PROBLEM TO WORK ON:
Would you transcribe the entries below, beginning at the line with "Diese grafischen T-Shirts" and ending after the line with "ମାଲକାନଗିରି,୨ା୬(ଡି.ଏନ୍.ଏ.): ମାଲକାନଗିରି ଜିଲା", exactly, with no picture and nothing more?

INPUT MATERIAL:
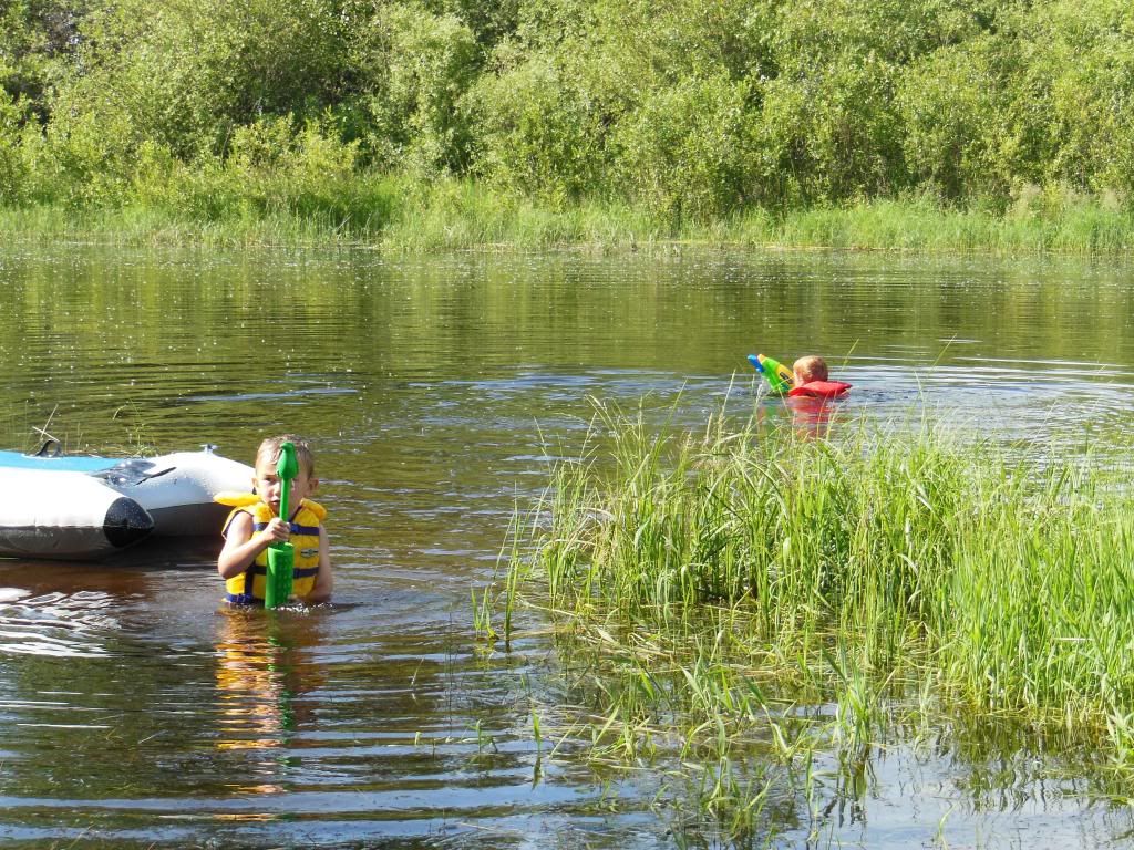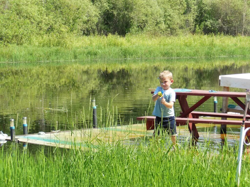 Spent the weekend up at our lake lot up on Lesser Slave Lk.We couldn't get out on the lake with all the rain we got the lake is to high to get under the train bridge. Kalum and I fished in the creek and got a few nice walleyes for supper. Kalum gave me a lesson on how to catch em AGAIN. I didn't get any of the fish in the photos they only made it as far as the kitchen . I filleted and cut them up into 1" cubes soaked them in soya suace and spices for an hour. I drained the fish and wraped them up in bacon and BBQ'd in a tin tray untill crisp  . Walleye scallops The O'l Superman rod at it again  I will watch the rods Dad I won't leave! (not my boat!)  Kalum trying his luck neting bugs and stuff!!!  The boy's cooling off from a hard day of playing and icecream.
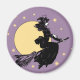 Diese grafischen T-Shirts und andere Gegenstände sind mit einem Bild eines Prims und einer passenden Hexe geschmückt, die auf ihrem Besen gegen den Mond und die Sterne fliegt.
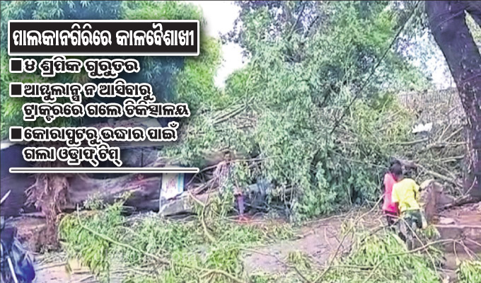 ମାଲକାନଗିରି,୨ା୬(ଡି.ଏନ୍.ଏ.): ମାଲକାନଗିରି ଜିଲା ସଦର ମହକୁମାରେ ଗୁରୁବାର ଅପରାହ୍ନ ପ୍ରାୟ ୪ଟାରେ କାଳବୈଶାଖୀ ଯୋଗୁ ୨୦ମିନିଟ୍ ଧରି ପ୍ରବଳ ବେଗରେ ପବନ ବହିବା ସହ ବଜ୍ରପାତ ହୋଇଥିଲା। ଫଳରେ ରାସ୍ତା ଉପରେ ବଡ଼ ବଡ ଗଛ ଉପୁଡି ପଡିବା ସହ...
...
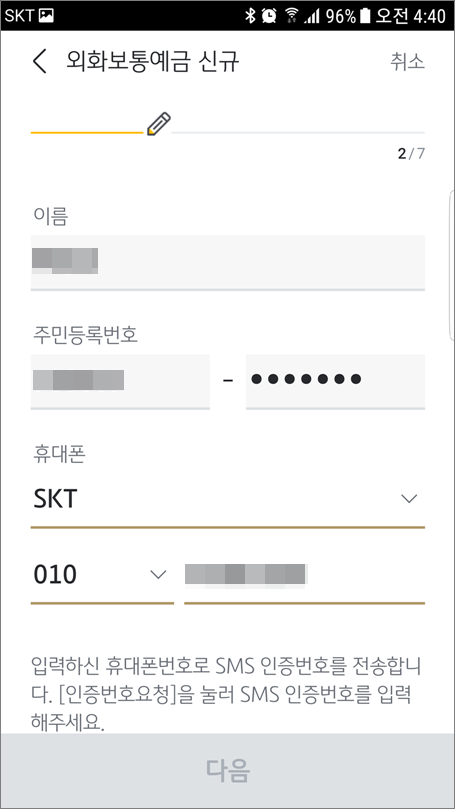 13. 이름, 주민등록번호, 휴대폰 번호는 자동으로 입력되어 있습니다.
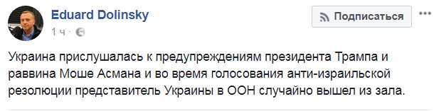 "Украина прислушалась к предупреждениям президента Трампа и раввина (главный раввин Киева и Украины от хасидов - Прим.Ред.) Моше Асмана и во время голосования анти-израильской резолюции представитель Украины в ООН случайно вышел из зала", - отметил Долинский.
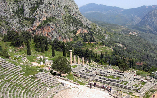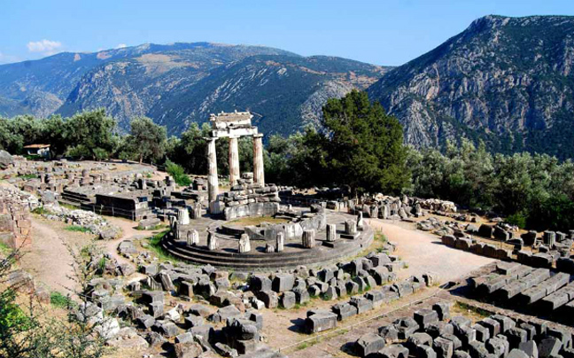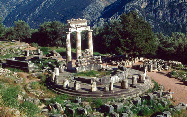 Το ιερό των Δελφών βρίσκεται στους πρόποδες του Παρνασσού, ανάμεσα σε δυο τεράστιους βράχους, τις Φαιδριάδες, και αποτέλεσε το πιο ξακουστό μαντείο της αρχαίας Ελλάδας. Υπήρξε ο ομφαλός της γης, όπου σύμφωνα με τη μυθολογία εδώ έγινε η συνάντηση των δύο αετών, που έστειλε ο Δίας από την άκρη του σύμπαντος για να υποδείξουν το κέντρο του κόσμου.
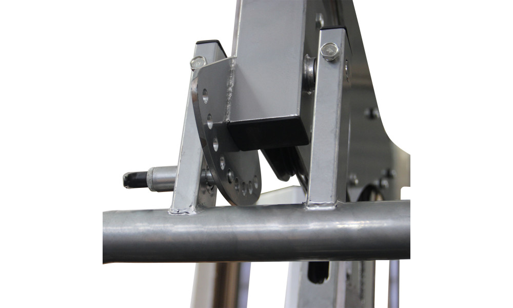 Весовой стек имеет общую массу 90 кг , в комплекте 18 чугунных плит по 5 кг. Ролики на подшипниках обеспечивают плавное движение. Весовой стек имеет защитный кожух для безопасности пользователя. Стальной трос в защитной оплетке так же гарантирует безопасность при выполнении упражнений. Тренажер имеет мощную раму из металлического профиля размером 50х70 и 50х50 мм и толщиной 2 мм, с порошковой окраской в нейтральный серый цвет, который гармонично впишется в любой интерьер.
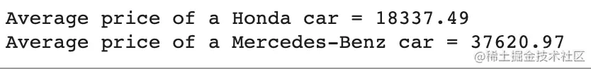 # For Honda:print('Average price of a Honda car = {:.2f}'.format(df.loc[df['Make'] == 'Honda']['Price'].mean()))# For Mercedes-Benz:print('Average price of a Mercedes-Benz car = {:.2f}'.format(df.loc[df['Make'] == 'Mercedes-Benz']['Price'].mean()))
---
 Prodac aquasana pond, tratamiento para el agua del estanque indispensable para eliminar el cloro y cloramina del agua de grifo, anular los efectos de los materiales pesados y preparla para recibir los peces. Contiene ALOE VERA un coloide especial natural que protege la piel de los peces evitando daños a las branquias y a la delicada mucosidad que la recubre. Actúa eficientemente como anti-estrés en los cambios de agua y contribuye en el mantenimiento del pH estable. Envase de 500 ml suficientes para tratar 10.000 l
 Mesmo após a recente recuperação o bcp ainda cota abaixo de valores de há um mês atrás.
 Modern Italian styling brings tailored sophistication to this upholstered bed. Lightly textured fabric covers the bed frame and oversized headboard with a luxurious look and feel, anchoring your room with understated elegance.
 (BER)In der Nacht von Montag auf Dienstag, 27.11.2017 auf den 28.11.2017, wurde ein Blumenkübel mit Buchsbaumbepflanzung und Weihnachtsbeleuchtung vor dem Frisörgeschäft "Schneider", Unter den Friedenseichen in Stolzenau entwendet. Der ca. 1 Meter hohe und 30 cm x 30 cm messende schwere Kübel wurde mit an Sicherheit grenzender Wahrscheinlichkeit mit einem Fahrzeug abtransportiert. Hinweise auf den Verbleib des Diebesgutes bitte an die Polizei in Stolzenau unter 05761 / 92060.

REPLY TO THE TASK:
 Diese grafischen T-Shirts und andere Gegenstände sind mit einem Bild eines Prims und einer passenden Hexe geschmückt, die auf ihrem Besen gegen den Mond und die Sterne fliegt.
 ମାଲକାନଗିରି,୨ା୬(ଡି.ଏନ୍.ଏ.): ମାଲକାନଗିରି ଜିଲା ସଦର ମହକୁମାରେ ଗୁରୁବାର ଅପରାହ୍ନ ପ୍ରାୟ ୪ଟାରେ କାଳବୈଶାଖୀ ଯୋଗୁ ୨୦ମିନିଟ୍ ଧରି ପ୍ରବଳ ବେଗରେ ପବନ ବହିବା ସହ ବଜ୍ରପାତ ହୋଇଥିଲା। ଫଳରେ ରାସ୍ତା ଉପରେ ବଡ଼ ବଡ ଗଛ ଉପୁଡି ପଡିବା ସହ...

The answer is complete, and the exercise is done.